The formation of the staffs did not mean, however, that the system of partisan control became frozen. The increased responsibilities of the Ukrainian Staff after the Central Staff was abolished at the beginning of 1944 were clearly related to the need to extend partisan activity to politically
unassimilated territories in the West Ukraine and to the prospective East European satellites of the USSR. The Ukrainian Staff functioned (although Strokach was replaced as chief of staff by a partisan brigade commander, V. Andreyev) at least until June 1945, after the war in Europe ended.
[See the signature on the letter published in "Soviet-Czechoslovak Relations during the Great Patriotic War," International Affairs (Moscow), 1960, No. 8, pp. 119-121.]
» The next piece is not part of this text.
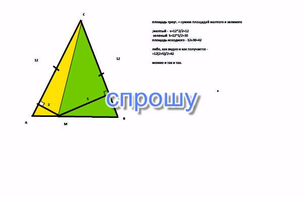 Дано треугольник ABC, AC = BC = 12, точка М лежит на стороне АС, расстояние от точки М до АС равно 2, расстояние от точки М до ВС равно 5. Найти площадь треугольника АВС?

There was nothing sacrosanct about the jurisdiction of the Ukrainian Staff, however. For example, in the summer of 1943 the Staff formed a special operating group at the Red Army Voronezh Front headquarters in order to coordinate partisan operations with the rapid advance of the regular forces.
[Istoriya velikoi otechestvennoi voiny, III, 307.]
Altogether, the ability of the Soviet regime to improvise new solutions to changing situations is strikingly demonstrated by the history of partisan control arrangements.